Multiple COVID-19 variants have been documented in the United States and globally during this pandemic, but scientists are primarily concerned with three variants. Evidence suggests that these new variants spread more quickly than others within the United States.
There’s one from the UK (B.1.1.7), which is more contagious and already circulating in the United States. Earlier this week officials detected the first confirmed case of the Brazil variant (P.1) in Minnesota. And today, the first identified South African variant (B.1.351) was found in South Carolina.
Are the new variants more contagious?
There is some data that suggests that the B.1.1.7 variant from the UK is more transmissible. One theory is that the B.1.1.7 variant is stickier. It requires a smaller amount of virus and adheres better to your cells. Another theory is that it causes people to maintain more particles in their noses and throats. That means more virus is expelled when people talk, cough, or sneeze and will spread faster. Some experts say the British variant will probably become the dominant source of infection in the United States by March.
The concern with the Brazilian P.1 is twofold: Scientists don’t understand why the variant has spread so explosively in Brazil, and the variant carries a particularly dangerous set of mutations. P.1 has two mutations that scientists have already shown reduce antibody binding.
Some tests suggest the South African and Brazilian variants may be less susceptible to antibody drugs or antibody-rich blood from COVID-19 survivors, both of which help people fight off the virus.

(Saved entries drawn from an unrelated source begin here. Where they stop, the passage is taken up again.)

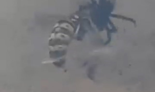 Elazığ'da örümcek ağına takılan arının kurtulma çabası cep telefonu kamerasına yansıdı. Görüntülerde, ağın bulunduğu alana gelen arıyı fark eden örümcek, ağdan kurtulamayan arıyı sarmaya başladığı görülüyor. Etrafını saran ağlardan kurtulmaya çalışan arının çabaları boşa çıkarken, o anlar ise bir vatandaşın cep telefonu kamerasına yansıdı.
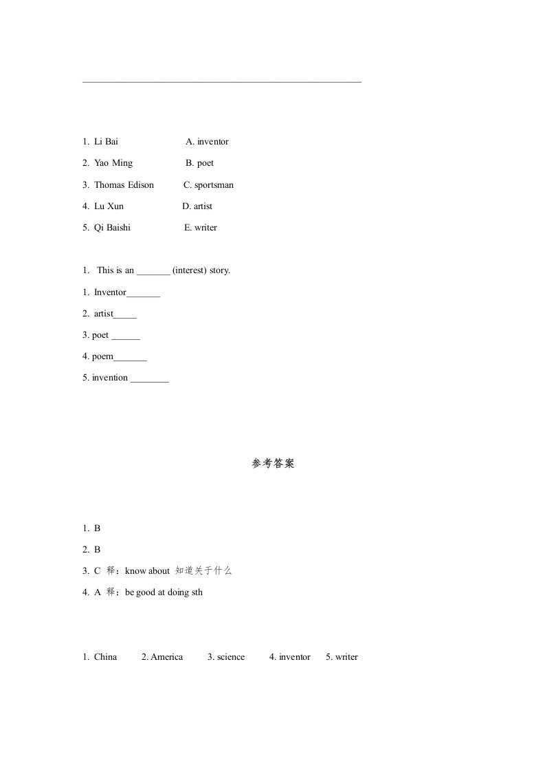 当前位置: 首页小学资源小学六年级正文 六年级英语上册同步练习Unit5Leson1(人教版一起点)_共3页 小学六年级 6 天前 0 0 5 以上为部分内容预览,如需源文档请登录您的会员账号进行下载! 声明:本站所有文章,如无特殊说明或标注,均为本站原创发布。任何个人或组织,在未征得本站同意时,禁止复制、盗用、采集、发布本站内容到任何网站、书籍等各类媒体平台。如若本站内容侵犯了原著者的合法权益,可联系我们进行处理。 尚学资源永久会员 打赏 收藏 海报 链接
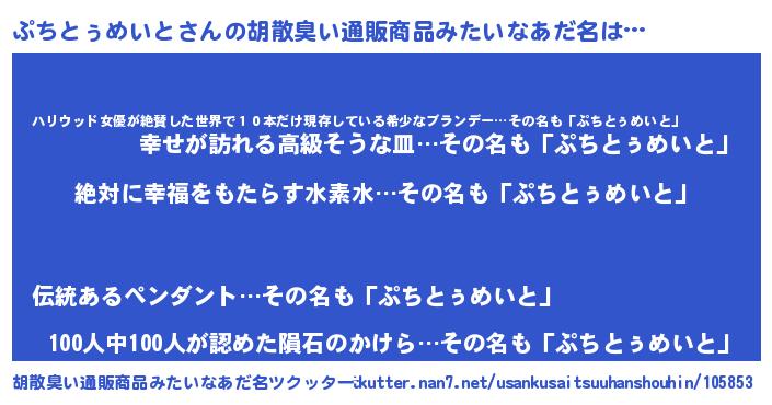 | 男性向けラノベタイトル風あだ名 | 『ぷちとぅめいとという概念が存在しない退屈な世界 』 |
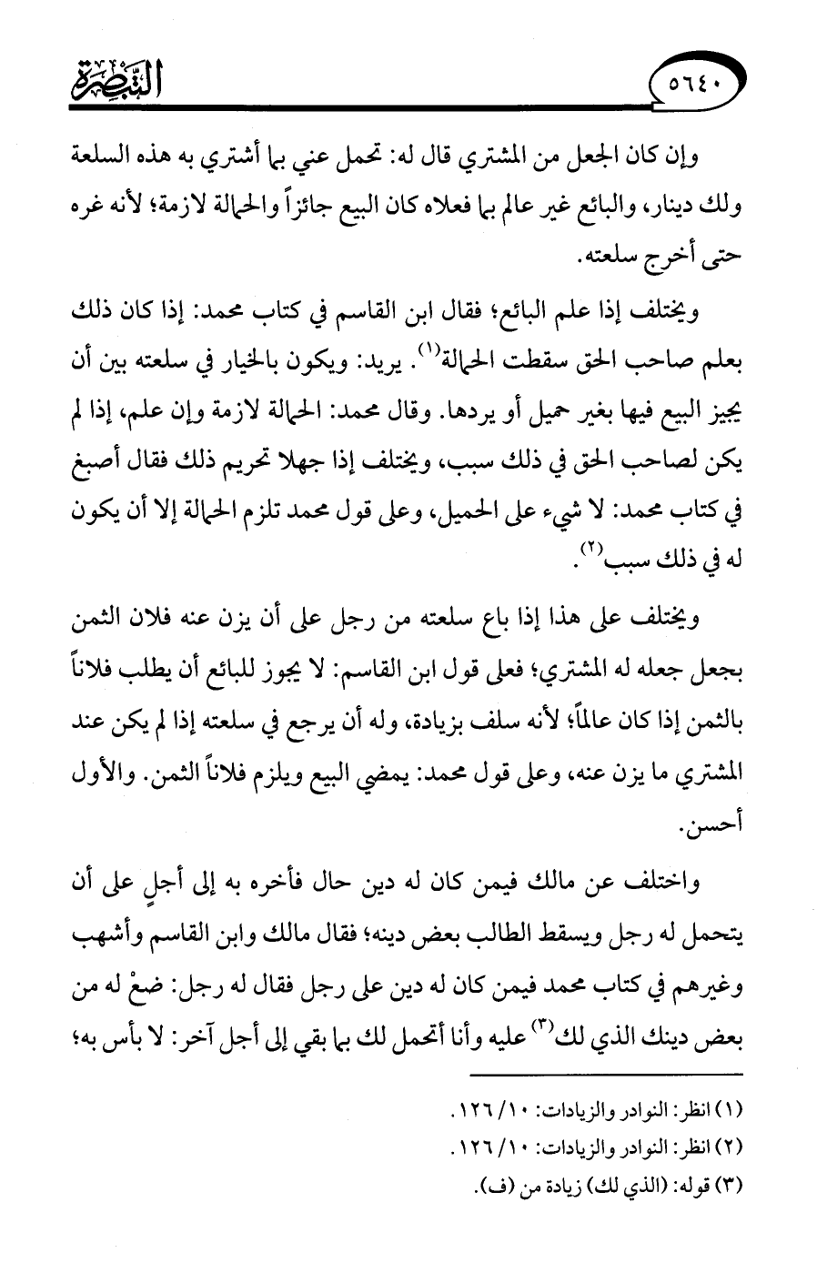 (¬2) انظر: النوادر والزيادات: 10/ 126.
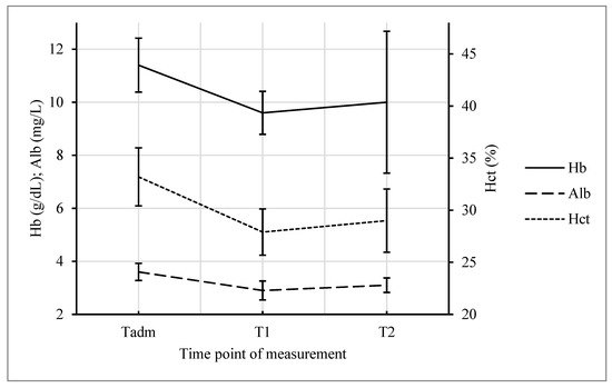 Hemoglobin (Hb), hematocrit (Hct), and albumin (Alb) before admission (Tadm), 2 h (T1), and 24 h (T2) after the intervention, respectively. Data presented as mean values (SD) (Tadm to T1 all p < 0.001).
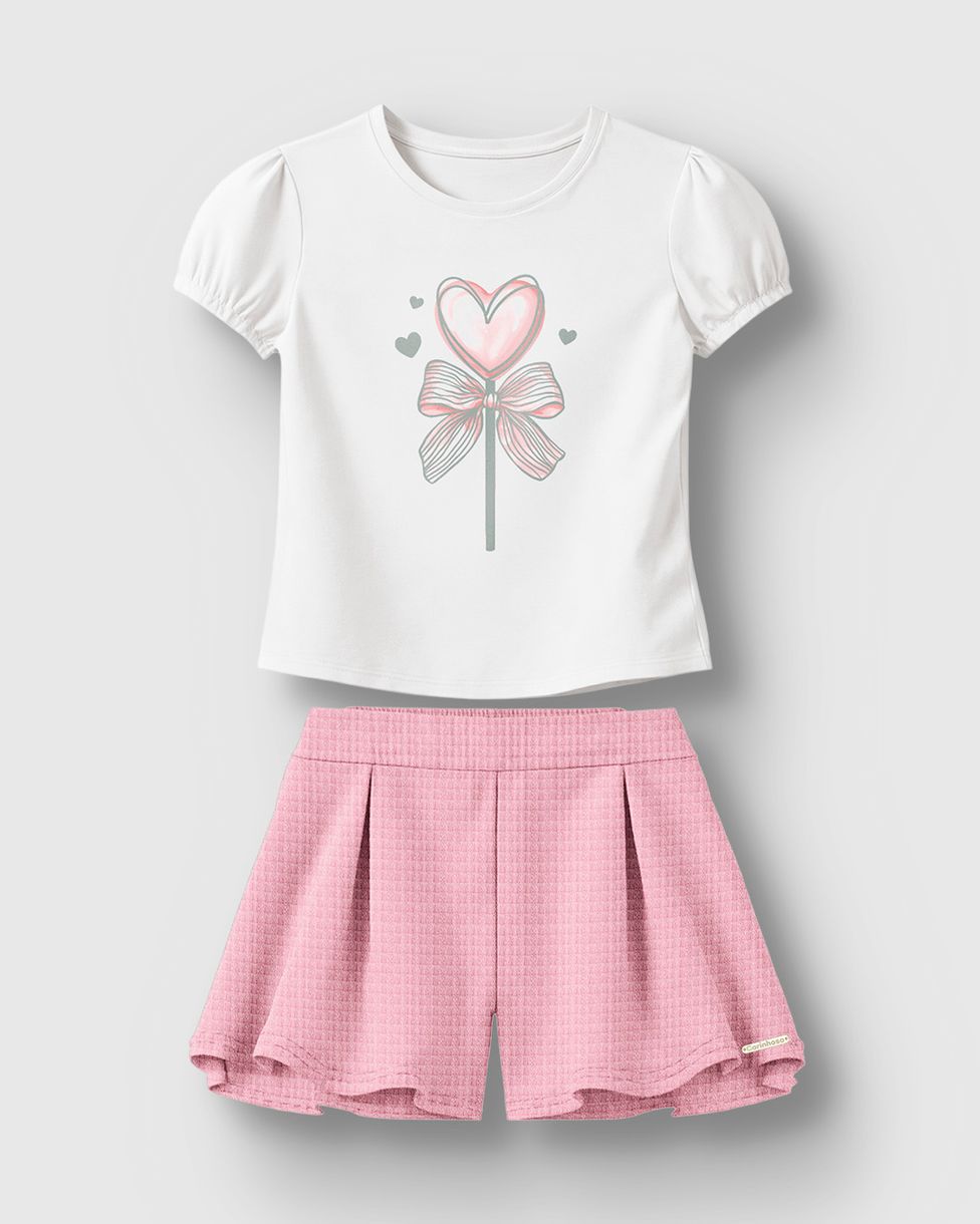 O Conjunto Menina Blusa Estampa Laço E Coração Foil Em Algodão - Carinhoso é perfeito para quem busca conforto com um toque delicado de brilho. A blusa em cotton light traz estampa foil de laço e coração, combinando com o shorts saia em meia malha texturizada que oferece liberdade e estilo.
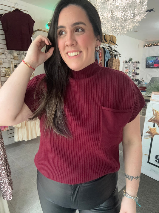 AgotadoRed Wine Short Sleeve suéter
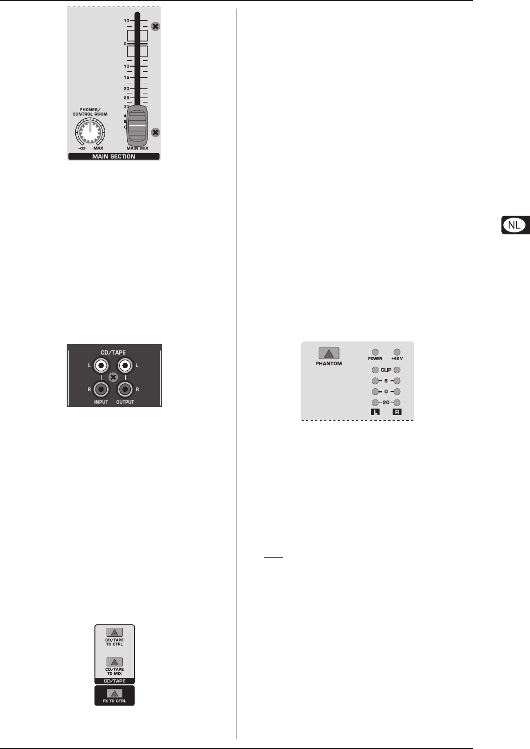 uitgangsniveau wordt via de bijzonder precieze MAIN MIX-fader
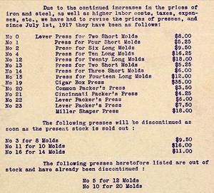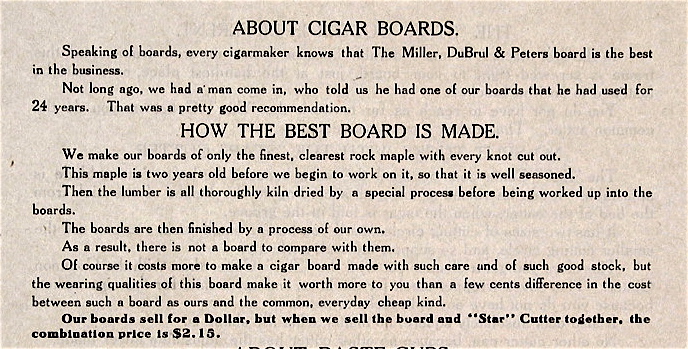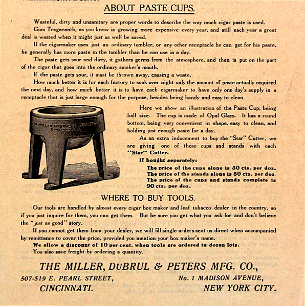 The first step to be solved centered on creating a device that would help less skilled, less experienced, less costly workers create cigars in the huge range of sizes and shapes the public demanded. As with most beginning industries, hundreds of experiments were tried before one method prevailed. Between 1850 and 1890 a flood of devices were offered.

Do we need to protect ourselves more from the new variants?
Higher transmission could mean more cases, which can increase the risk for individuals. It may be necessary to re-implement closures and restrictions to flatten the curve if it starts to rise.
We need to continue to practice social distancing, wear masks, frequent hand washing, and disinfection surfaces to protect yourself and your family.
Will the Pfizer and Moderna COVID-19 vaccines still work with the new variants?
From looking at the mutations in the spike, or S, the protein of the new UK variant, it seems the virus should still be susceptible to the antibodies induced by the vaccine.
A study found that the Pfizer Covid-19 vaccine works against mutations found in the UK and South Africa variants. Moderna says its COVID-19 vaccine continues to protect against the U.K. and one first seen in South Africa.
Influenza mutates at a faster rate than SARS-CoV-2, and it seems to handle more mutations in its genes, which makes it more likely to evolve resistance to preexisting antibodies. We don’t yet know how well the SARS-CoV-2 S protein can tolerate mutations, so it’s difficult to predict if it will eventually behave like influenza and force us to update the COVID-19 vaccine. Fortunately, the technology used to make the Moderna and Pfizer COVID-19 vaccines is easy to update for a new lineage or strain of S protein
Both Pfizer and Moderna are developing booster shots so that their COVID-19 vaccines can protect against the new variants.